2.In the paper under review, the authors imply that “this is the first documentation of circRNA-mediated immune response of honey bee to N. ceranae infection” (Lines 116-117). This seems to be true, as another publication (https://link.springer.com/article/10.1007/s00253-019-10159-9) describes the role of DEcircRNAs in immune response to invasion in general terms, not pertaining to a particular disease, though indicating importance for microsporidiosis and chalkbrood. And though the authors cite this paper in relation to methodology, the previous findings are not compared to the novel ones in terms of immune function regulation. Moreover, I cannot understand what is the reason of submission of two distinct preprints to bioarxiv.org with partially overlapping sets of authors: “CircRNA-regulated immune response of Asian honey bee workers to microsporidian infection” (https://www.biorxiv.org/content/10.1101/2022.06.30.498258v1.full.pdf) and “Deciphering the mechanism underlying circRNA-mediated immune responses of western honeybees to Vairimorpha ceranae infection” (https://www.biorxiv.org/content/10.1101/2020.10.25.353938v1.full.pdf). Both of these “papers” pretend to be the first study of involvement of circRNAs in honey bee immune response to the microsporidiosis.
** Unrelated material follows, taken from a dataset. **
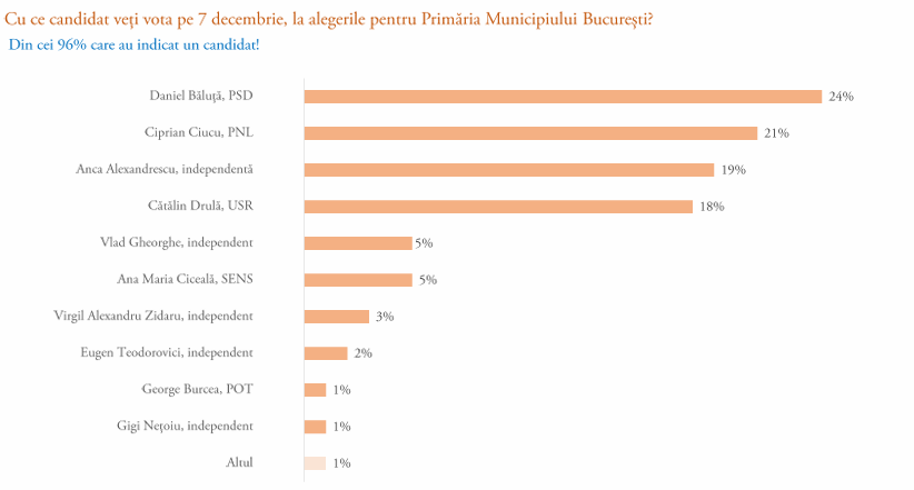Primarul social-democrat al Sectorului 4, Daniel Băluță, ocupă primul loc în preferințele respondenților, cu 24% dintre intențiile de vot. Este urmat îndeaproape de edilul Sectorului 6, Ciprian Ciucu, cu o diferență de doar 3 procente.

Response: Thank you so much for your valuable comment. In fact, these two preprints you mentioned were posted by our group, which focused on interaction between two bee species including western honey bee (Apis mellifera) and eastern honey bee (Apis cerana) and two fungal pathogen/parasite such as Vairimorpha ceranae (parasite of bee nosimosis) and Ascosphaera apis (pathogen of chalkbrood disease). Previously, we conducted characterization and investigation of circRNAs in A. mellifera and A. cerana, two sister bee species widely used in apicultural practice in China and many other countries, aiming to unclose immune responses of the aforementioned two bee species and compare their difference, so we posted two preprints in bioRxiv.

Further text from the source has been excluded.